--- START ---

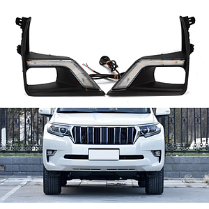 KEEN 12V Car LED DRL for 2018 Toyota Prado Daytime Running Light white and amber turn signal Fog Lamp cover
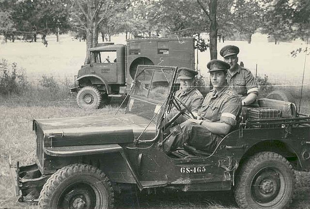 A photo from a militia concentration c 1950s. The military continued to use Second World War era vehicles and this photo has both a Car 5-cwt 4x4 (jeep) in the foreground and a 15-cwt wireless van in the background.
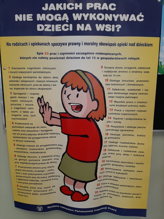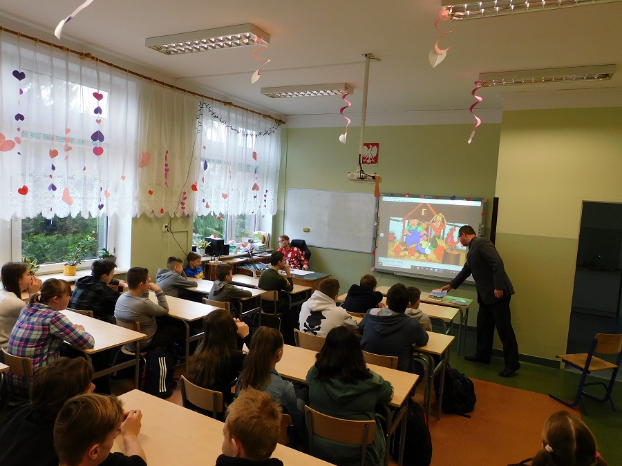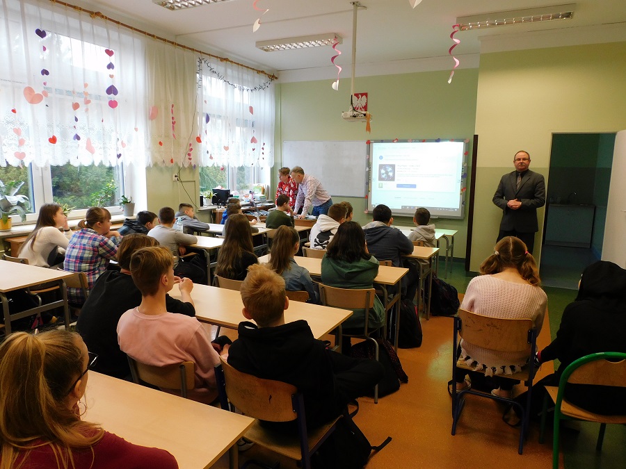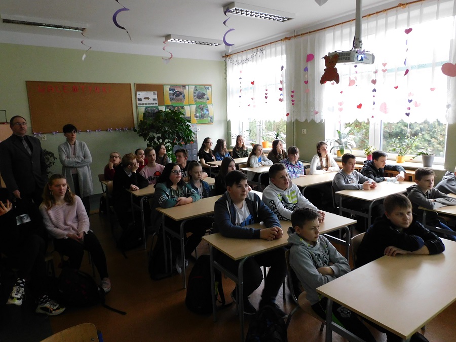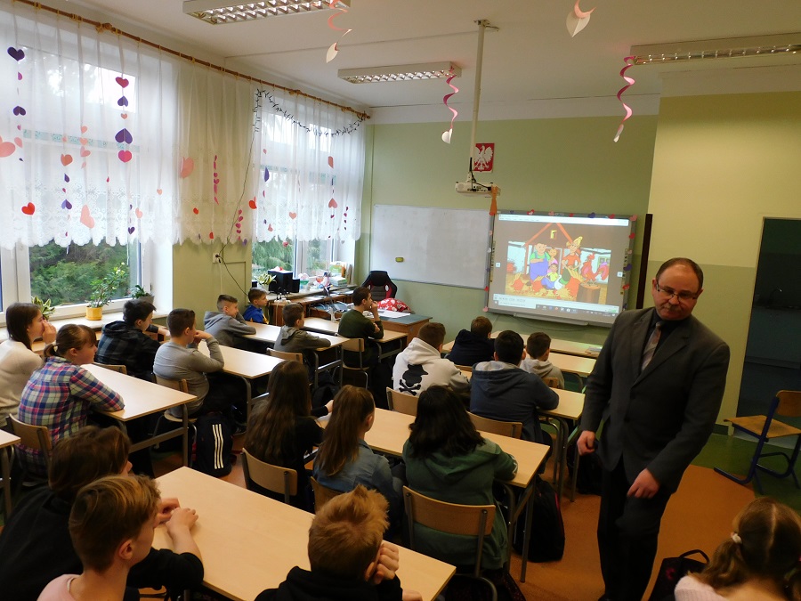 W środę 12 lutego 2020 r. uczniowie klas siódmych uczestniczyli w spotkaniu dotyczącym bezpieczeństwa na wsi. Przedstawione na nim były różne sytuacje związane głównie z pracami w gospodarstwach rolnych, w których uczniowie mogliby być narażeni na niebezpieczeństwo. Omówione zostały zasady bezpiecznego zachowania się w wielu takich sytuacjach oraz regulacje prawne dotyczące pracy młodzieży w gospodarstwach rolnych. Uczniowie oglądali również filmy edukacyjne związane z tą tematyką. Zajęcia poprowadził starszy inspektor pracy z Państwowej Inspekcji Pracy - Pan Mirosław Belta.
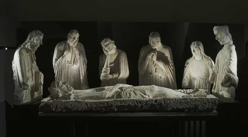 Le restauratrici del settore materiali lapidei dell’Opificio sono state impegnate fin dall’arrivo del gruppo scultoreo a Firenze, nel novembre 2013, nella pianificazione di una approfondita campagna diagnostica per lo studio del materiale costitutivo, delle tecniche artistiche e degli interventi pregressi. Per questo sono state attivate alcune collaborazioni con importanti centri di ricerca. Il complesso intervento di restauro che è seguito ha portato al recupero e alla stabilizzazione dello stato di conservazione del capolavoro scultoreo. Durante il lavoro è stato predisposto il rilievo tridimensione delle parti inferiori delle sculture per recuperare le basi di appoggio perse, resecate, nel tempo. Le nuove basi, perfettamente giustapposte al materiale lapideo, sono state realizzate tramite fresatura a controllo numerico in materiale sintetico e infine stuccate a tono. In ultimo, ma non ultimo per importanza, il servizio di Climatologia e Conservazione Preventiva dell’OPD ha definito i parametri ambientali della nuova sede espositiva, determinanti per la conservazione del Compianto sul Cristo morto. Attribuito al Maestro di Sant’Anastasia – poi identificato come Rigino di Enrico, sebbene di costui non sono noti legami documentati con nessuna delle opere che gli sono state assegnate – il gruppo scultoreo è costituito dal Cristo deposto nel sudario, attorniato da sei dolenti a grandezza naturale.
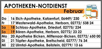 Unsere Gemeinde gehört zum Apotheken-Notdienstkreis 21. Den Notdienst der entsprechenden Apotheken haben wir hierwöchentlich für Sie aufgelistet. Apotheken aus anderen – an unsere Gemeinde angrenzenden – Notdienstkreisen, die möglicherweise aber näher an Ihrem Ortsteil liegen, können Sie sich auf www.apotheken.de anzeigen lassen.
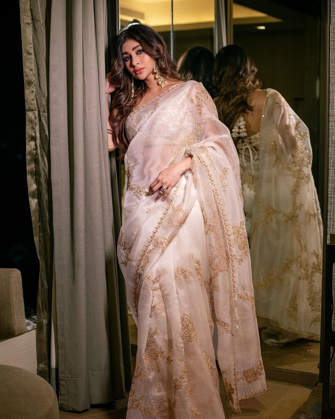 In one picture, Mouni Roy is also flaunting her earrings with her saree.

--- END ---
--- START ---

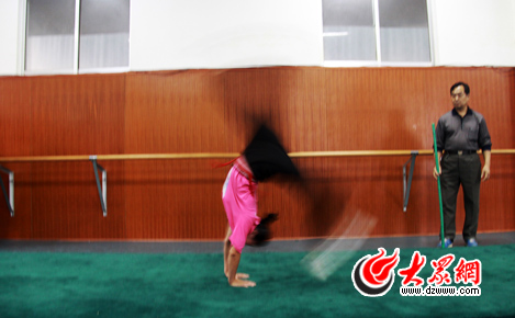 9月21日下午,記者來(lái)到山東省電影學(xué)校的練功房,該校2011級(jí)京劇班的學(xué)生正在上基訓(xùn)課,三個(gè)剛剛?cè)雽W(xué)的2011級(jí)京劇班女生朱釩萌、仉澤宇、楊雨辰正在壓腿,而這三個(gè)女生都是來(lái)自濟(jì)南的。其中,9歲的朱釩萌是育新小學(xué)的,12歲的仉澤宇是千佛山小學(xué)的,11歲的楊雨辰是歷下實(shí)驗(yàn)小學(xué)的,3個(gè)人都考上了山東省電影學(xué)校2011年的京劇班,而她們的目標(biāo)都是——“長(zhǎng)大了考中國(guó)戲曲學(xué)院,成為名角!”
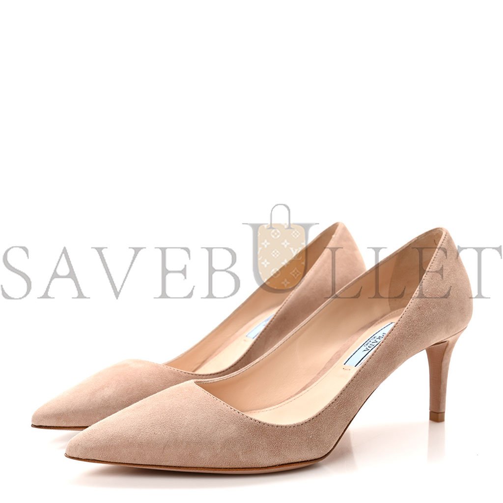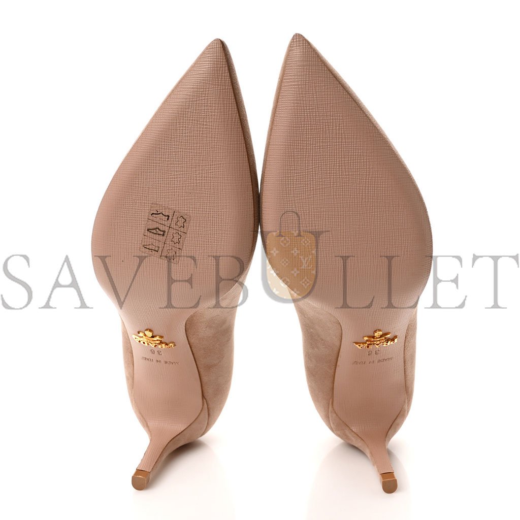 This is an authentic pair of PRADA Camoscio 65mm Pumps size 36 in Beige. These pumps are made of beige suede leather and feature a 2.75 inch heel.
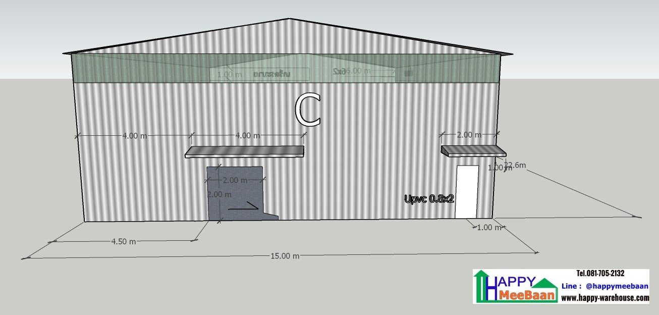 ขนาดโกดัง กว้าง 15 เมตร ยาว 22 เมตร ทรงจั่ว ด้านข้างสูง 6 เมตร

--- END ---
--- START ---

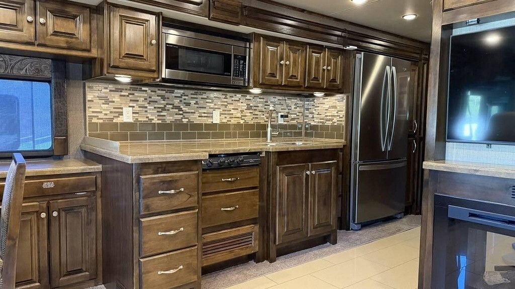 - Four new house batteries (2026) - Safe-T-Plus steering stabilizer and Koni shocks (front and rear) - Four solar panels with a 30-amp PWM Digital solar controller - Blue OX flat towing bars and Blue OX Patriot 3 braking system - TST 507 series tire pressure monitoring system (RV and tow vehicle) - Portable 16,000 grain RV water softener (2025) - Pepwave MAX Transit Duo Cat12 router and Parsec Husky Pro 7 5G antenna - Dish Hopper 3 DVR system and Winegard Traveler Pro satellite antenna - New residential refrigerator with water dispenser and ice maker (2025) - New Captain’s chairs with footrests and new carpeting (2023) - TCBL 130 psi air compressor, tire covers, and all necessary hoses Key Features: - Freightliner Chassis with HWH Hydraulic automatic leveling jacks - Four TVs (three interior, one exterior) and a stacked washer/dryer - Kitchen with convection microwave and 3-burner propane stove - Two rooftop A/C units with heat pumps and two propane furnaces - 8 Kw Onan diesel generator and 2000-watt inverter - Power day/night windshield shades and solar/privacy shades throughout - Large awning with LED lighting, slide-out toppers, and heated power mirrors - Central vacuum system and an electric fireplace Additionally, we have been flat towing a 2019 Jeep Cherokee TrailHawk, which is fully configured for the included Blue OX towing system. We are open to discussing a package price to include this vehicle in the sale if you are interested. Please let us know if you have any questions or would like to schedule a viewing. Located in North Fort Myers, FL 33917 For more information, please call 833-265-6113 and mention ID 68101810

--- END ---

Give again the stretch of the entries above that begins at the line with "9月21日下午,記者來(lá" and ends at the line with "ขนาดโกดัง กว้าง 15", word for word, with no pictures.

Answer area:
 9月21日下午,記者來(lái)到山東省電影學(xué)校的練功房,該校2011級(jí)京劇班的學(xué)生正在上基訓(xùn)課,三個(gè)剛剛?cè)雽W(xué)的2011級(jí)京劇班女生朱釩萌、仉澤宇、楊雨辰正在壓腿,而這三個(gè)女生都是來(lái)自濟(jì)南的。其中,9歲的朱釩萌是育新小學(xué)的,12歲的仉澤宇是千佛山小學(xué)的,11歲的楊雨辰是歷下實(shí)驗(yàn)小學(xué)的,3個(gè)人都考上了山東省電影學(xué)校2011年的京劇班,而她們的目標(biāo)都是——“長(zhǎng)大了考中國(guó)戲曲學(xué)院,成為名角!”
 This is an authentic pair of PRADA Camoscio 65mm Pumps size 36 in Beige. These pumps are made of beige suede leather and feature a 2.75 inch heel.
 ขนาดโกดัง กว้าง 15 เมตร ยาว 22 เมตร ทรงจั่ว ด้านข้างสูง 6 เมตร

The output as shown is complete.